Nonetheless, there’s an awkward charm in watching an algorithm discern the things that humans appreciate instinctively. In a section about syntax, Archer and Jockers point to “Reader, I married him,” Charlotte Brontë’s famous line. “Isn’t the entire point of so many stories to get that ‘I’ and that ‘him’ closely aligned, separated by an all-important verb like ‘married’?” they write. “So often, this is entirely why we keep turning the pages.”

A best-seller code, packaged and licensed to wannabe authors and ambitious/avaricious/or some such publishing houses, could be very useful. I, for one, would rather pay a program to analyze my plotting rhythm than sit through the average creative-writing workshop. It’s appealing to imagine that Archer and Jockers have built an intelligent catalogue of the American reader’s taste and will—a machine reader that would never have an off day, or take a pass on the next John Grisham, or care too much about a fetching head shot, or discriminate by age or race or weight. The algorithm, Archer and Jockers write, could keep the publishing industry “not just running but diverse.”

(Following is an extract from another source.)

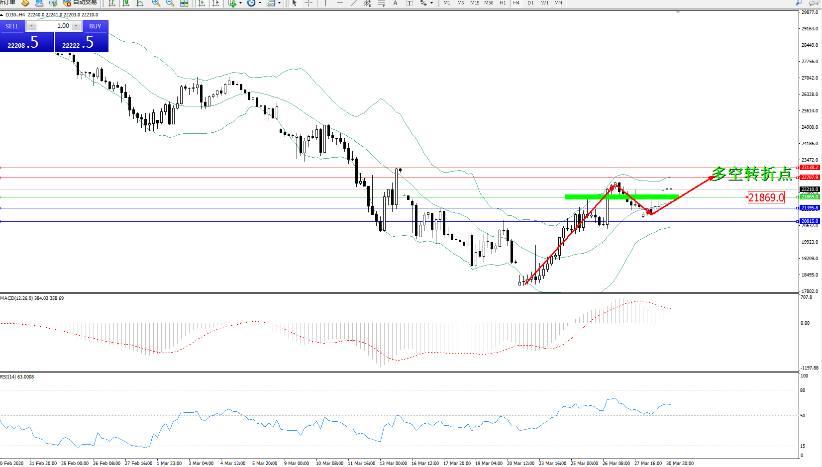 道琼斯指数3月30日(周一)收盘上涨690.70点,涨幅3.19%,报22327.48点。周一美股全线收高,投资者继续追踪冠状病毒的传播状况及其经济影响。市场仍在消化美国2万亿美元刺激方案,美联储前期推行了降息至零、无限QE等前所未有的宽松措施,但未来操作空间已经不大。现在轮到财政刺激政策上阵,目的仍是避免疫情对经济造成更大的伤害。穆迪下调总值6.6万亿美元的美国非金融企业债务评级展望,由稳定降为负面。穆迪表示,下调评级展望是要反映在新冠肺炎疫情冲击下,美国经济陷入衰退,企业整体遭到打击,以致违约风险上升的因素。

Similar attempts to introduce algorithmic judgment have been made in contemporary pop music, a genre where best-selling stylometrics are clearer, are mathematically transcribable, and have been central for some time. There’s a nearly fixed structure in pop music, and a best-selling chord progression, I-V-vi-IV. (That’s the cathartic loop you find in Toto’s “Africa,” Miley Cyrus’s “Party in the USA,” and the Beatles’ “Let It Be.”) Top Forty radio tends to average out at around a hundred and twenty beats per minute; hit songs last between three and four minutes; the list goes on.

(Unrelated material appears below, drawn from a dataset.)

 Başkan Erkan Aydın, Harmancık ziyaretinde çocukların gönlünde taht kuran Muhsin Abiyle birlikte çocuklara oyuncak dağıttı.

Because math in music is clearer, attempts to capitalize on it have moved further along. In 2009, a company called Music Intelligence Solutions released commercial software, called uPlaya, that allowed musicians to upload a track and receive, via proprietary “Hit Song Science,” a catchiness score. Here, one sees the limits to algorithmic judgment in the fact that, for example, uPlaya gave an 8.9 (on a scale of 10) to the commercially successful and powerfully irksome “I Got a Feeling,” by the Black Eyed Peas. That track’s chord progression would test well; a program could match it up with Fall Out Boy’s “Sugar We’re Going Down” and the verses of Taylor Swift’s “Fifteen.” It clocks in at a hundred and twenty-eight beats per minute and generally hews to the math. But there’s nothing communicated by that 8.9 that a person with the most rudimentary musical knowledge can’t hear immediately; what’s more, only a human listener would hear that “I Got a Feeling,” with every replay, grates increasingly on the ears. When the data are reliable, an algorithm may be able to predict success, but it can’t tell you what’s good. In any case, nothing of note happened with uPlaya: the last post on its Facebook page reads, “It looks like the music industry is not as bleak as predicted,” and is dated January 30, 2012.

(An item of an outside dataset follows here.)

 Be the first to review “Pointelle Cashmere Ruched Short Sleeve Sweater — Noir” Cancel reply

At the beginning of “The Bestseller Code,” Archer and Jockers concede the algorithm’s limits. “Our belief,” they write, “while it may be irritating and old-fashioned, is still that if you want to be a bestselling writer then first you have to learn and really appreciate fiction with as many tools as you can.” That belief may be old-fashioned, but it’s not irritating. It does, though, threaten the utility of a code: once you’ve done that learning, you don’t need an algorithm to confirm it.